Currently the merger remains in the courts, after yet another appeal.

The comments were interesting in part because they were made on a Mediaworks station – itself a potential suitor for a merger somewhere down the track. Simon Bridges also offered them a sop later in the segment, saying it was fair enough for privately media organisations to feel aggrieved about not getting more NZ on Air funding.

“Look at you at Mediaworks, you’re out there in the big bad commercial world. You’ve got to pay your own way in life,” he noted, though made no mention the loan Mediaworks got in 2011.

On the merger question, Bridges said that as long as there remained competition and “a plurality of voices” including “ethnic media”, then “what’s the problem?”

And fair play to him: when I interviewed him months ago he said that he liked the diversity of voices on The Spinoff. And as NZME managing editor Shayne Currie tweeted, there were a lot of microphones at the Commerce Commission’s decision announcement.

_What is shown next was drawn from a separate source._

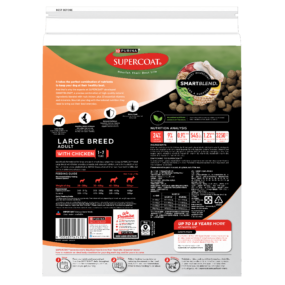 Meat and meat by-products (chicken, beef, lamb and/or pork) and or Poultry by-products, Wholegrain Wheat, Wholegrain Barley and/or Corn and/or Sorghum, Cereal by-products and/or Vegetable Proteins, Minerals (Calcium Carbonate, Potassium Chloride, Phosphoric Acid, Sodium Chloride, Copper, Iodine, Iron, Manganese, Magnesium, Selenium, Zinc), Beet pulp, Vitamins (A, B1, B2, B3, B5, B6, B9, B12, D3, E and Choline), Garlic, rosemary plant extract (Natural Antioxidants).
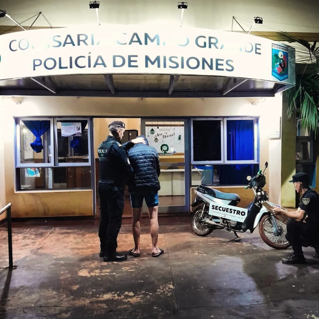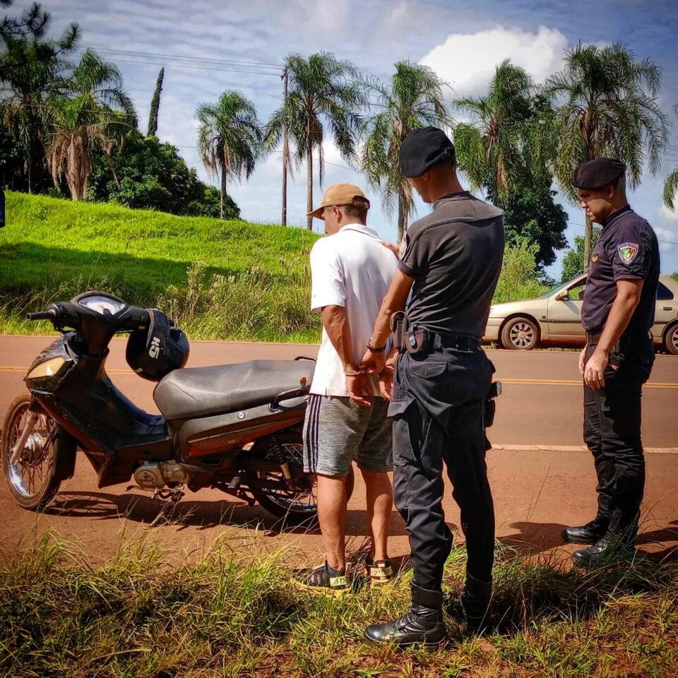 Primeramente en San Vicente, la División Comando Radioeléctrico detuvo esta tarde a un hombre de 29 años sobre la Ruta Nacional 14 al kilómetro 983, quien fue sorprendido empujando una moto Corven Energy 110cc. la cual fue sustraída en horas de la mañana en la calle Juan XXIII, hecho denunciado por la propietaria del vehículo.

Broadcasting minister Clare Curran was certainly concerned about loss of diversity in 2016, when she spoke out against it in the ODT as an opposition spokesperson. She hasn’t spoken about it all that much since, which is probably wise, though the focus of her portfolio is clearly on public media. It sets up a clear division in priorities. While Simon Bridges said there would always be a place for public media, he wasn’t exactly a champion of it, and the model he was arguing for offered a lot more leeway for privately owned companies to act in their commercial interests.

That could be read a few different ways. It could be seen as a signal to media companies that a different government would create policy more in their favour – which in commercial terms a merger, and greater access to NZ on Air money most certainly would. Both the major commercial radio companies would love the opportunity to gain market share back off Radio NZ, and Mediaworks TV division would feel the same about TVNZ.

So does that incentivise those companies to give the National Party better coverage? On balance, no. The journalists would be seriously unlikely to go along with it – that’s simply not in their nature. And obviously slanted coverage would be picked up by audiences and assessed as such, and audience share could suffer as a result because of that.

However it does signal broadcasting issues could be politically contentious going forward. If the merger is rejected again, one of the grounds is almost certain to be media plurality. And it will be by far the last time battles between private and public organisations come out in broadcasting between now and the election. And it is pretty clear that if the Treasury benches change, so will the priorities.